Dark Reading is part of the Informa Tech Division of Informa PLC

This site is operated by a business or businesses owned by Informa PLC and all copyright resides with them.Informa PLC's registered office is 5 Howick Place, London SW1P 1WG. Registered in England and Wales. Number 8860726.

Threat Intelligence

4/21/2020
05:35 PM
100%
0%

Automated Bots Are Increasingly Scraping Data & Attempting Logins

The share of bot traffic to online sites declines, but businesses are seeing an overall increase in automated scraping of data, login attempts, and other detrimental activity.

The volume of Internet traffic due to automated software — bots — has declined to its lowest point in at least six years, but the share of the traffic due to unwanted automated activity — "bad" bots — has increased to its highest level over the same period, according to cybersecurity firm Imperva in a report published on April 21.

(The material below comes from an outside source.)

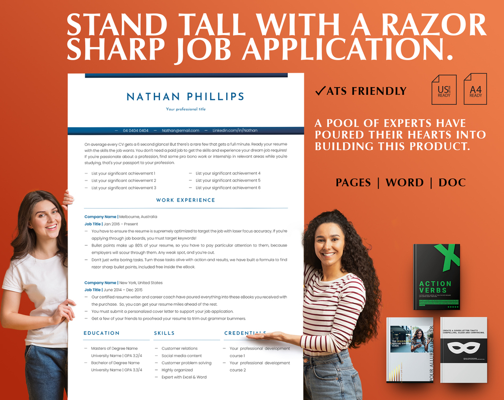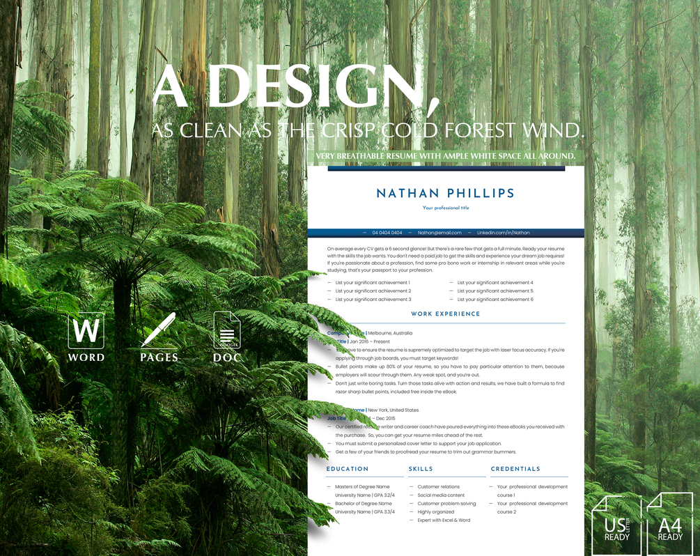 ⤠Formatted for A4 & US Letter size (24 CV template files in total)

In 2019, bad bots accounted for 24% of all Internet traffic seen by Imperva's customers, 5.5 points higher than its lowest level in 2015, the company stated in its "Bad Bot Report 2020." Bad bots are automated software programs that perform unwanted activities, such as scrape price data or availability information from websites, or conduct outright-malicious activities, such as account-takeover attempts or credit card fraud. 

Acceptable bot activity has fallen by nearly two-thirds to 13% of all traffic in 2019, down from 36% in 2014, the report states. The move to a data-driven economy has created an incentive for more bots while at the same time making their activities less acceptable, says Kunal Anand, chief technology officer for Imperva. 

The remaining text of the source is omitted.